The Zwinger in Goslar is a battery tower that is part of the fortifications of the old imperial city of Goslar, Germany. It is located on the Thomaswall in the south of the town and was built in 1517. On this side Goslar was strongly dominated by the nearby hill of Rammelsberg, which would have made a good location for positioning enemy guns in the event of an attack on the town; the town fortifications therefore needed the extra protection of a strong battery tower at this point.

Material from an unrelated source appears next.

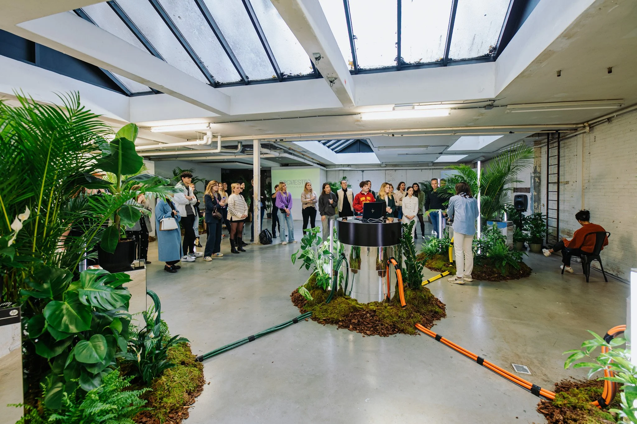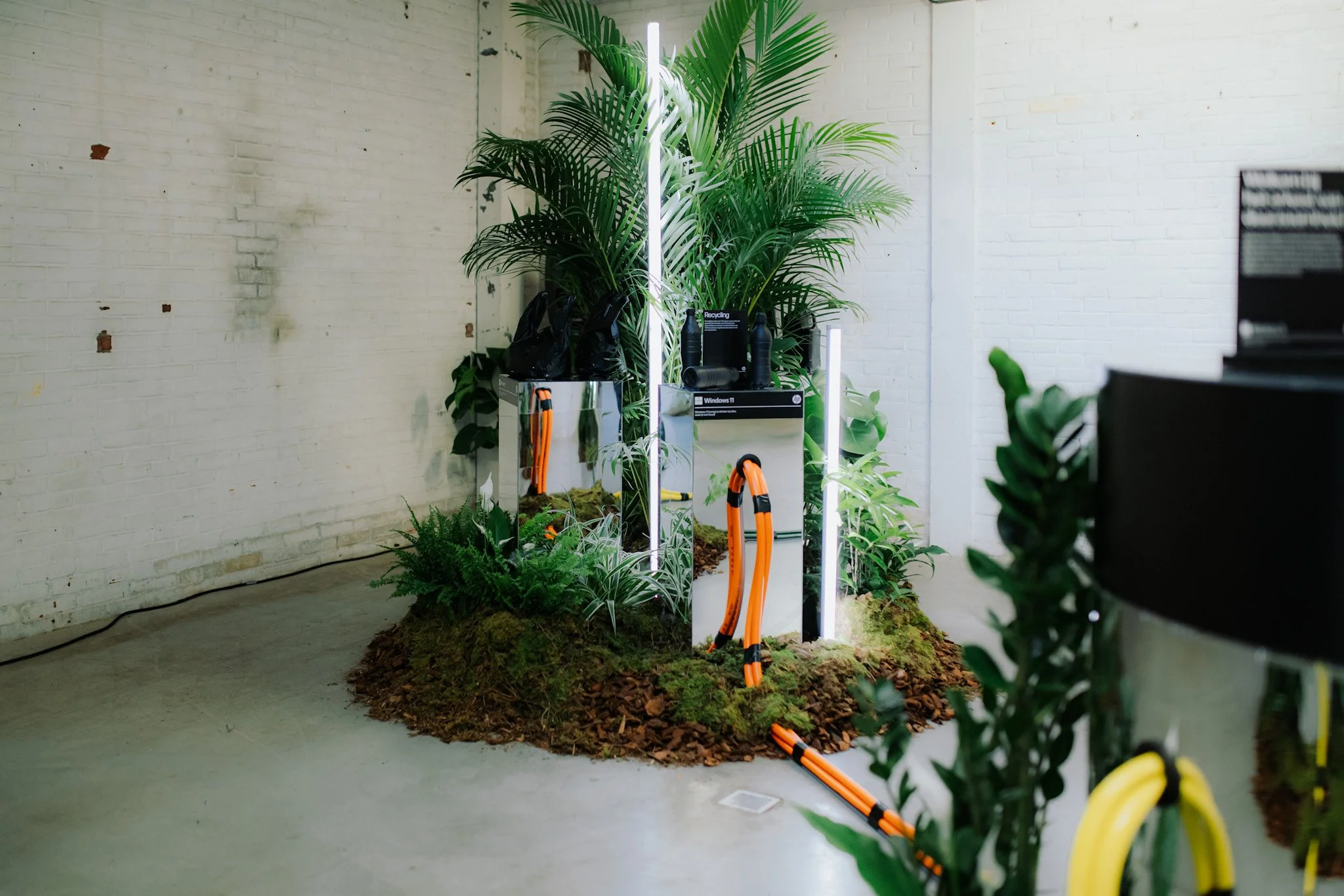 The natural world works in harmony, so to show how technology and nature can work together, we created an orchestra. My background in music production and experience with conductive instrumentation (Bare Conductive, Playtronica, Makey Makey, etc.) helped bring the Orchestra of Sustainability to life. When visitors touched plants, music played from hidden speakers. This tactile interaction created an immersive experience that showed how HP can work in harmony with nature.

The stonework of Goslar's Zwinger was predominantly made of sandstone quarried from the Sudmerberg northeast of Goslar and mortared with burnt lime. Because lime burning was still in not fully developed, the builders mixed the mortar with horsehair, quark, goat's milk and ox blood to harden it fully.

Immediately under the corbelling are two sandstone tablets in the wall bearing the coats of arms of the German Empire and the town of Goslar and the inscription "Anno dm M D X V II". The original conical roof was dismantled in 1857.

With a wall thickness at the base of 6.5 metres, a diameter of 26 metres and a height of 20 metres, the Zwinger is one of the strongest surviving and utilised defensive towers in Europe.

The Goslar Zwinger has been privately owned since 1 August 1936. Today it houses a restaurant on the ground floor, three holiday apartments on the middle floor and a small museum of medieval weapons, armour and torture implements on the top floor.